Indeed, Tattersall begins his book, as many college-level texts do, apologizing to the culture that still somehow believes that the earth is just 6000 years old, despite the Tyrannosaurus towering over your head at the Carnegie Museum. Humans are latecomers on this scene, however. Tattersall gives a solid introduction to the current human family tree. Instead of being ashamed of our heritage, I’m more inclined to feel a little pride. Our ancestors, prey to large carnivores, took a distinctive evolutionary track that enlarged our brains to help us outwit our natural enemies and learn how to destroy the very planet we inhabit. Well, maybe pride is a little too strong a word. Good and evil, it seems, always stroll hand-in-hand. So we evolved, but not yet to perfection.

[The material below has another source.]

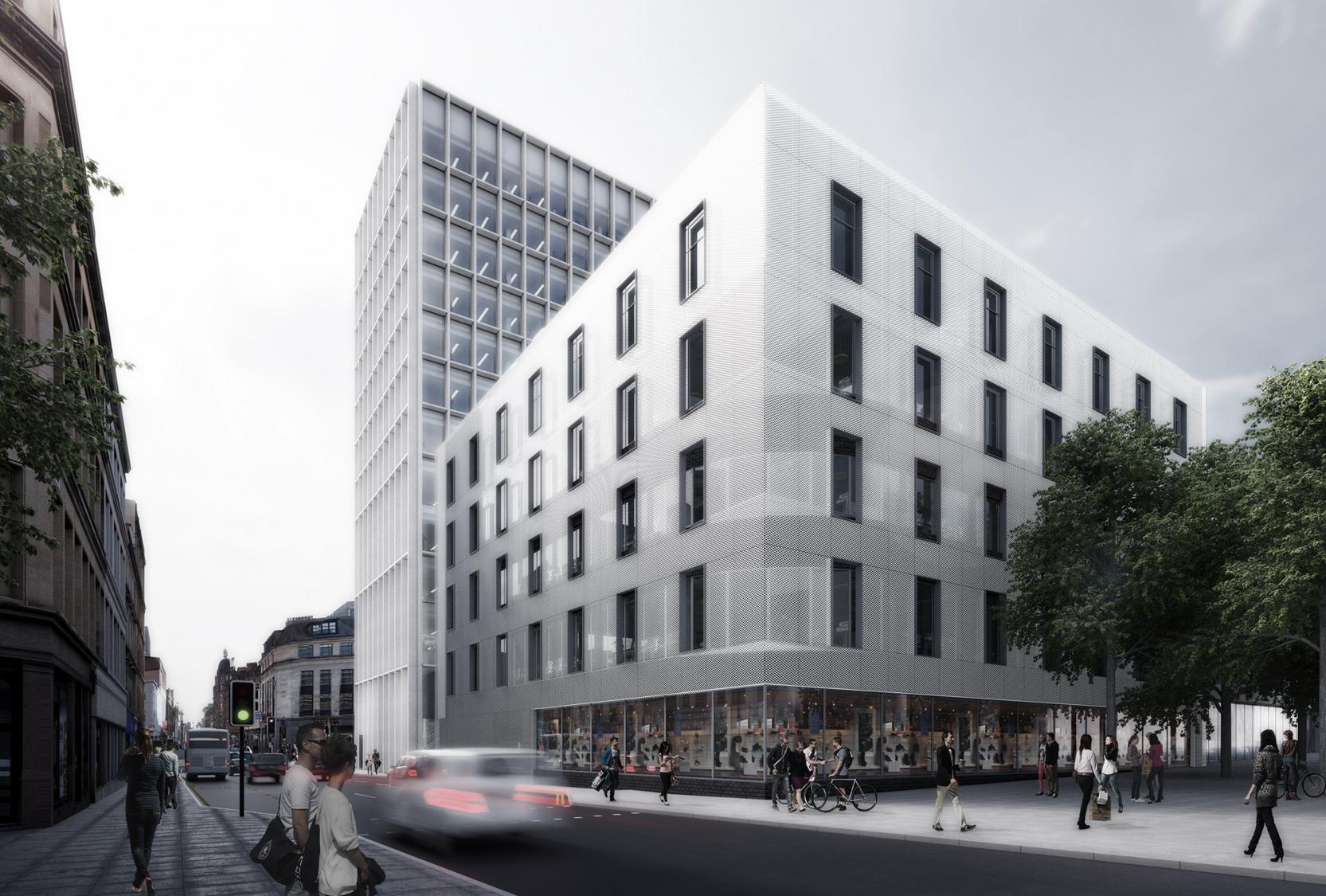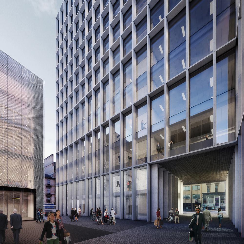 Stallan-Brand are proposing an ambitious office development in Glasgow City Centre. The proposed development looks to break down the impenetrable mass which currently exists on the site as the former BHS department store. We have looked to design the new development to add a contextually responsive proposal and contribute to the public realm with increased site permeability and ground-level activation.

Evolution always makes me think of the future. A strange sense of accomplishment makes prominent thinkers, particularly those who declare themselves bright, marvel at our greatness. I can’t help but to think that something better must lie ahead. We’re told that evolution has no direction in mind—traits that help to survive until reproduction are all that really count—and yet, having the minds we do, it seems that something more might be going on. Have we built all this merely to have sex and die? Glorified May-flies? Isn’t the future a wonder of what we might become? Evolution takes so long, even with punctuated equilibrium, that we’ll never live to see it. I have a suspicion, however, that if we give it enough time, we might offer our as yet unimagined offspring a world as full of wonder as it always has been. And they’ll still be standing by the river, staring in amazement at animals made of stone.


Flood of Fancy

Years ago I was approached to write a book about Noah. There was still some hope at that time that I might find a university job and that my words would have more credibility than just any old internet hack. At the time I’d read just about every book about Noah that had been written—and there weren’t that many. Biblical scholars, beyond tying the story to its obvious Mesopotamian sources, have long relegated the tale to the nursery school of biblical drama. Sure, it’s a great story, but what serious scholar takes an interest in a great story? Well, I outlived my academic job and it looks like Noah is going to have the last laugh. We’re told that the Pope has been tweeted about the movie by Russell Crowe and that several Islamic nations have already banned it. According to Today Darren Aronofsky, the director, is more interested in getting non-believers into the theater than trying to please the faithful. Well, let’s face it. A movie based strictly on the Bible would have to be pretty preachy.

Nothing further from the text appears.